EY’s Renewable Energy Country Attractiveness Index (RECAI) released today placed the UK in fourth place, one peg up from its seat in fifth place last year.

“The impact of Covid on economies across the globe seems to have refocused investors’ minds on the environmental, social and corporate governance agenda and there is a growing trend of considering the climate crisis and the energy transition when deploying capital,” EY global power & utilities corporate finance leader and RECAI chief editor, Ben Warren said.

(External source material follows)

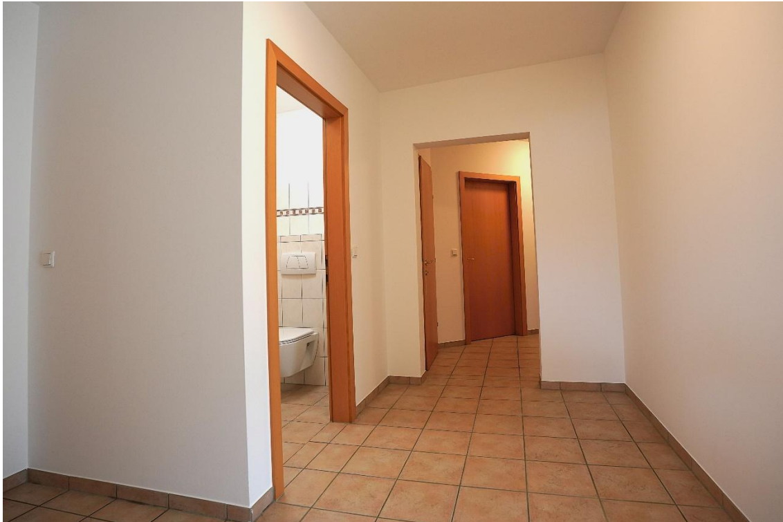
Eingangsbereich / Gang
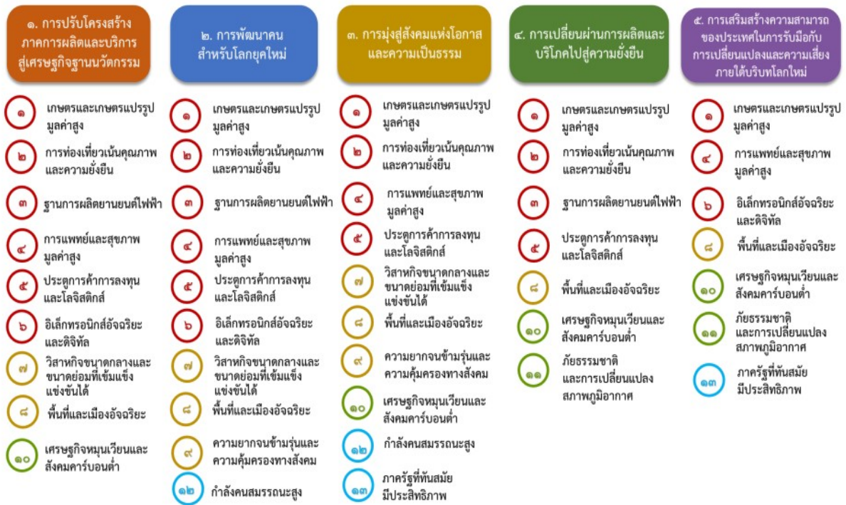
แผนภาพที่ ๓.๑ ความเชื่อมโยงระหว่างหมวดหมู่การพัฒนากับเป้าหมายหลัก

ความเชื่อมโยงระหว่างหมวดหมู่การพัฒนากับเป้าหมายหลักแสดงไว้ในแผนภาพที่ ๓.๑ โดยหมวดหมู่การพัฒนาที่กำหนดขึ้นเป็นประเด็นที่มีลักษณะเชิงบูรณาการที่ครอบคลุมการพัฒนาตั้งแต่ในระดับต้นน้ำจนถึงปลายน้ำ และสามารถนำไปสู่ผลพัฒนาทั้งในมิติเศรษฐกิจ สังคม ทรัพยากรธรรมชาติและสิ่งแวดล้อมไปพร้อมๆ กัน ทำให้หมวดหมู่แต่ละประการสามารถสนับสนุนเป้าหมายหลักได้มากกว่าหนึ่งข้อ นอกจากนี้การพัฒนาภายใต้แต่ละหมวดหมู่ไม่ได้แยกขาดจากกัน แต่มีการสนับสนุนหรือเอื้อประโยชน์ซึ่งกันและกัน

“Increasing appetite for suitable investments is driving a number of new investment strategies amongst institutional capital to better align risk and return between sponsors and investors, or to help  locate opportunities that satisfy their specific risk and return expectations.”

IEA’s focus on renewable energy, which defers from energy giant’s traditional practices, highlights the changes that are necessary for a low carbon future, lead analyst on energy at The Economist intelligence unit, Peter Kiernan, said.

“The IEA’s outline of a pathway to reach net-zero CO2 emissions by 2050 reflects the scale of what is required to limit the rise in the global temperature to 1.5 degrees. The world is not yet on this path, but the agency has now clearly outlined how the global energy system can be transformed to a net-zero emissions one.

“Deployment in low carbon technologies, especially solar and wind, will need to be ramped up, with non-fossil fuel sources reaching 80 per cent of energy supply by 2050, up from 20 per cent today.”

It is not just down to energy companies however, politicians should be aiding companies in making the switch towards a low carbon future, Kiernan added.

“There is still some way to go for policymakers to respond to the net-zero challenge at a global level. Nevertheless, the report’s recommendation that there be no new investment in fossil fuel supply or coal plant projects reflects that a paradigm shift regarding the energy transition is currently underway.”